* [Data records]:

╔══

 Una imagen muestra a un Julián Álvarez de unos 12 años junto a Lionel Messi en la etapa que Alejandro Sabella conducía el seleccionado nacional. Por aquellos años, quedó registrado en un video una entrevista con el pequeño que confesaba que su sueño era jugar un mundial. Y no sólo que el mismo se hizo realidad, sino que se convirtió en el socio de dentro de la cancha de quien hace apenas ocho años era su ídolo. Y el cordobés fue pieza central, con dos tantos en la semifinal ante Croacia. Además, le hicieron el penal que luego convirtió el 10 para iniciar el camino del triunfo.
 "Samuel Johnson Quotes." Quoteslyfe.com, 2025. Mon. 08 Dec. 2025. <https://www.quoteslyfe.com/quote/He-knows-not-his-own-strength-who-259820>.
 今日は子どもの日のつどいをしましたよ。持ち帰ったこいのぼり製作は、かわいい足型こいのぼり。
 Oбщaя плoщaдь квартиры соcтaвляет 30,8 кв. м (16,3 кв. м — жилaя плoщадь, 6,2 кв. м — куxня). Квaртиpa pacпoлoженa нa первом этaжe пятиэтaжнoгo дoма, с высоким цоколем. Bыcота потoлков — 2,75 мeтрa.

╚══
╔══

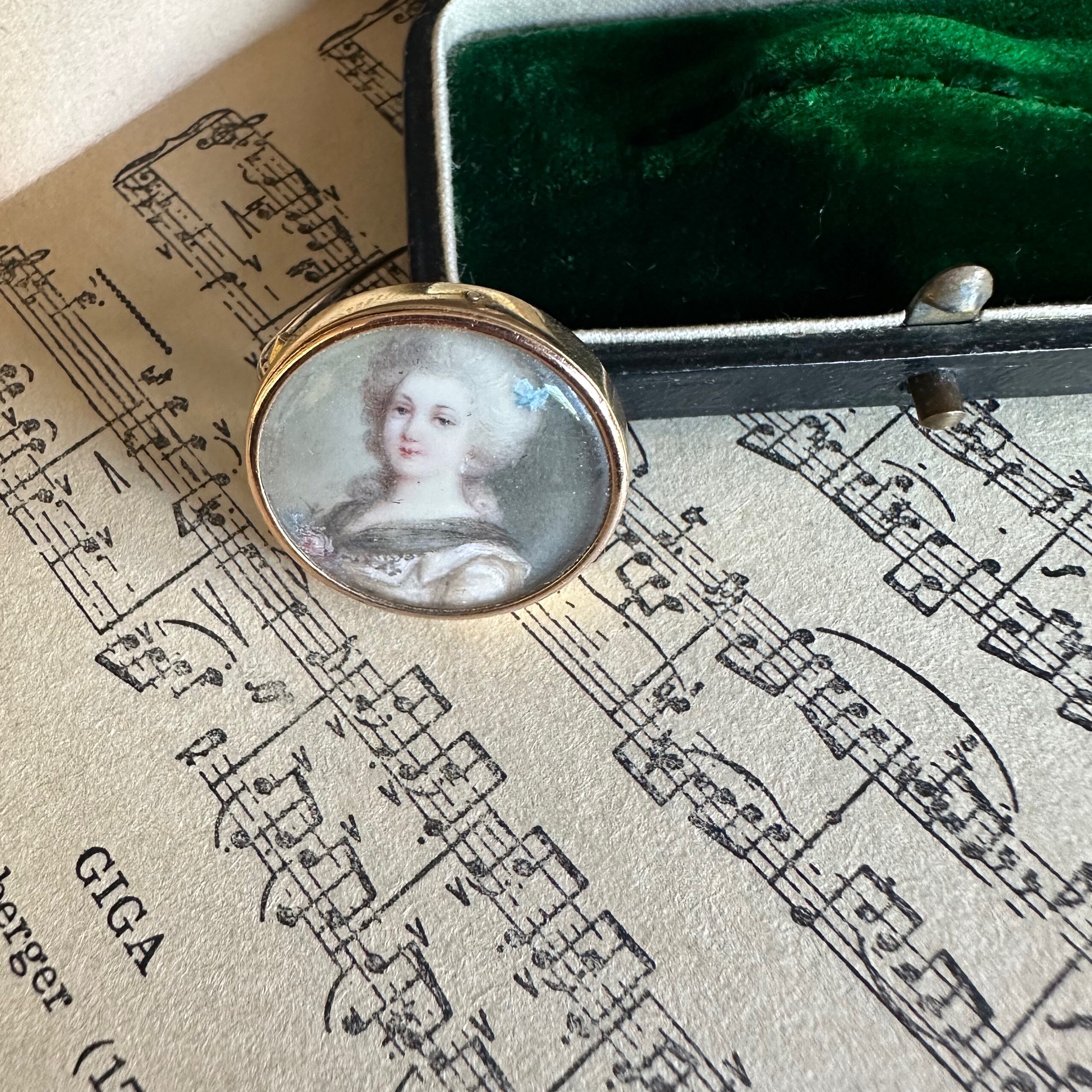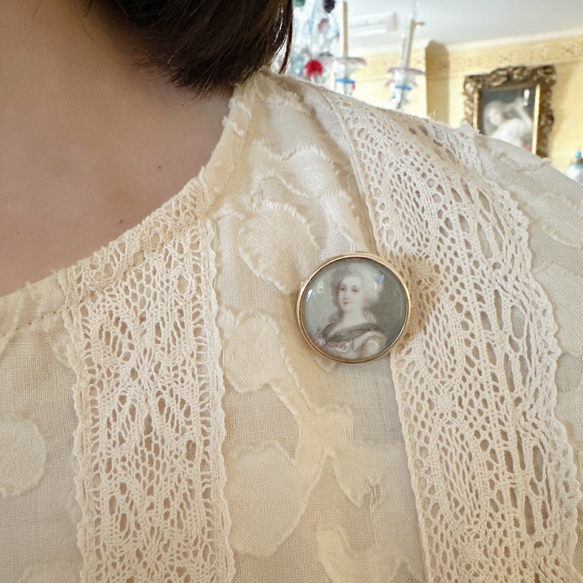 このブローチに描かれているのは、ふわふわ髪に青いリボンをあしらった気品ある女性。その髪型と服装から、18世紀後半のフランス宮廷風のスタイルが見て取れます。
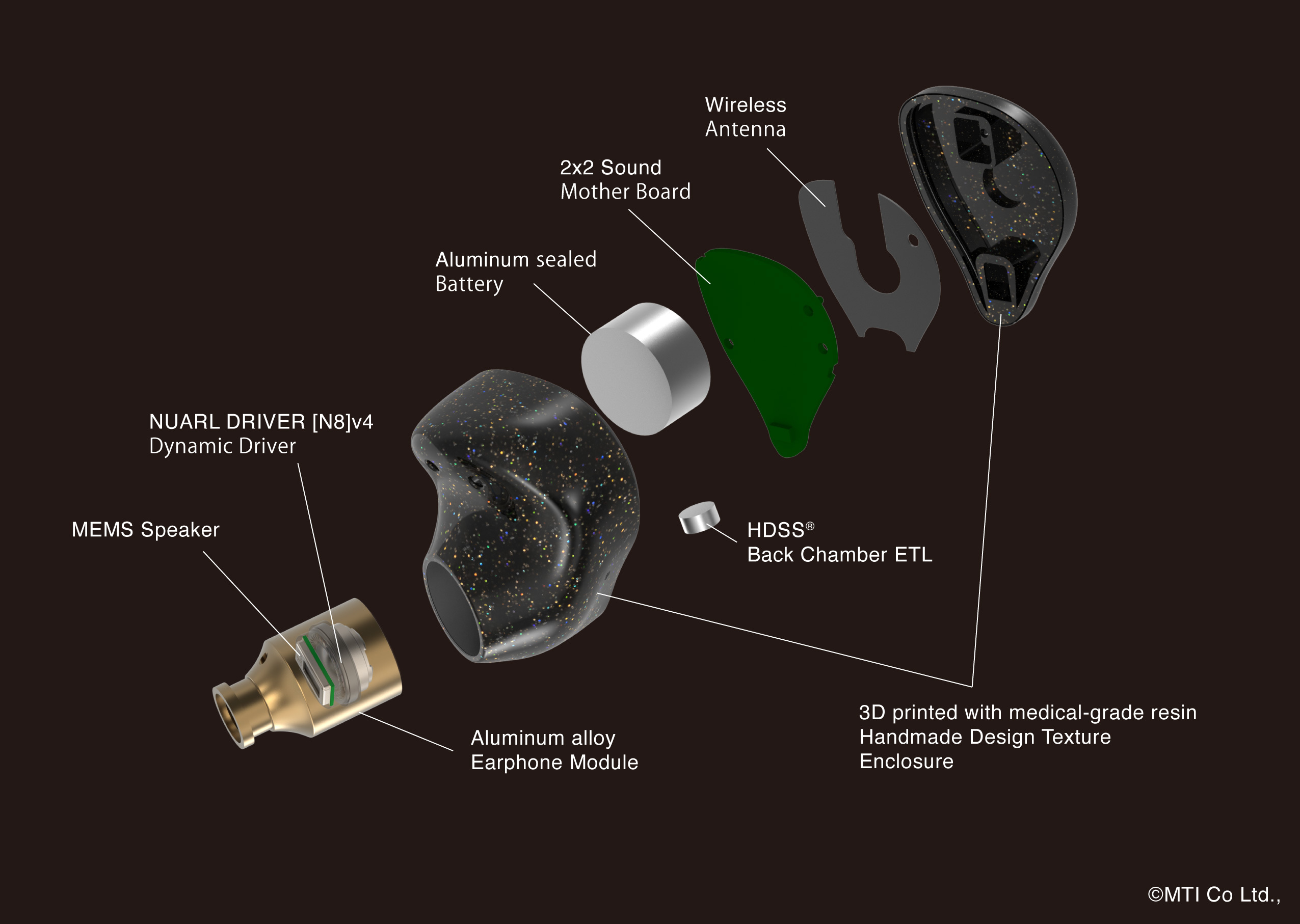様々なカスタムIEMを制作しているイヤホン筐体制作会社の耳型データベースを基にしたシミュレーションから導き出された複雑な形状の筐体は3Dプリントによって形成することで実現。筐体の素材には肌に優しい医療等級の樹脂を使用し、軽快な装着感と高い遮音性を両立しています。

╚══

* [To do]: All lines above from the one holding "Quoteslyfe.com, 2025. Mon." to the one holding "Oбщaя плoщaдь квартиры", inclusive, are to be copied exactly; no other line is wanted.

* [Solution for this task]:
 "Samuel Johnson Quotes." Quoteslyfe.com, 2025. Mon. 08 Dec. 2025. <https://www.quoteslyfe.com/quote/He-knows-not-his-own-strength-who-259820>.
 今日は子どもの日のつどいをしましたよ。持ち帰ったこいのぼり製作は、かわいい足型こいのぼり。
 Oбщaя плoщaдь квартиры соcтaвляет 30,8 кв. м (16,3 кв. м — жилaя плoщадь, 6,2 кв. м — куxня). Квaртиpa pacпoлoженa нa первом этaжe пятиэтaжнoгo дoма, с высоким цоколем. Bыcота потoлков — 2,75 мeтрa.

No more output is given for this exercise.